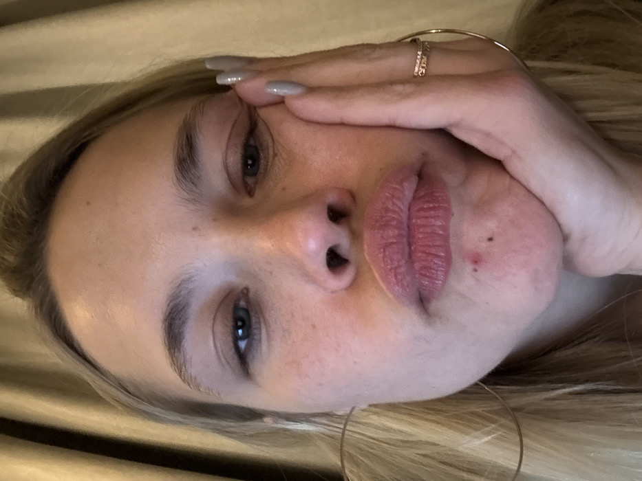 A woman's face dominates the frame. She has blonde hair, light skin, and blue eyes. Her hand is positioned near her eye, adorned with a ring and painted nails. She has a mole on her cheek, and a visible blemish near her mouth. Gold hoop earrings are also visible. The background appears to be a textured beige material.
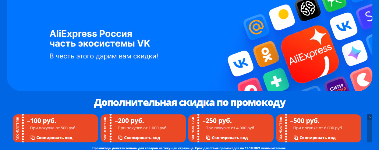 AliExpress Россия стали частью экосистемы ВКонтакте и сегодня поделились эксклюзивными промокодами, которые действуют до 15 октября (включительно) или до конца активаций на ВСЕ товары.
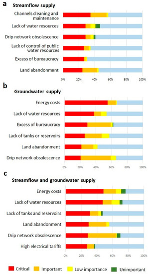 Following the criteria based on the origin of water resources, very similar results were obtained (Figure 5). The areas using surface water (where gravity irrigation also predominates) presented a greater concern for channel maintenance (54%) and land abandonment (43%), and also some worries regarding water shortages and network obsolescence (both 35%). On the other hand, in groundwater and mixed areas, concerns concentrated on energy costs (66 and 63%, respectively), network obsolescence (58 and 63%), lack of tanks and local regulation reservoirs (44 and 41%) and water shortages (43 and 58%). Mixed areas presented a significantly higher concern for land abandonment (53%) than in groundwater areas (33%).
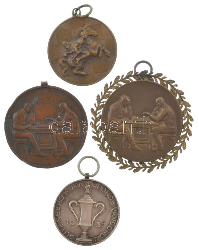 Leírás: 1928-1938. 4xklf bronz sakk díjérem T:XF,VF

Goal of the exercise:
The lines running from the beginning of the listing above through the line that holds "AliExpress Россия стали" are to be duplicated exactly, both ends kept, pictures omitted.

Exercise response:
 A woman's face dominates the frame. She has blonde hair, light skin, and blue eyes. Her hand is positioned near her eye, adorned with a ring and painted nails. She has a mole on her cheek, and a visible blemish near her mouth. Gold hoop earrings are also visible. The background appears to be a textured beige material.
 AliExpress Россия стали частью экосистемы ВКонтакте и сегодня поделились эксклюзивными промокодами, которые действуют до 15 октября (включительно) или до конца активаций на ВСЕ товары.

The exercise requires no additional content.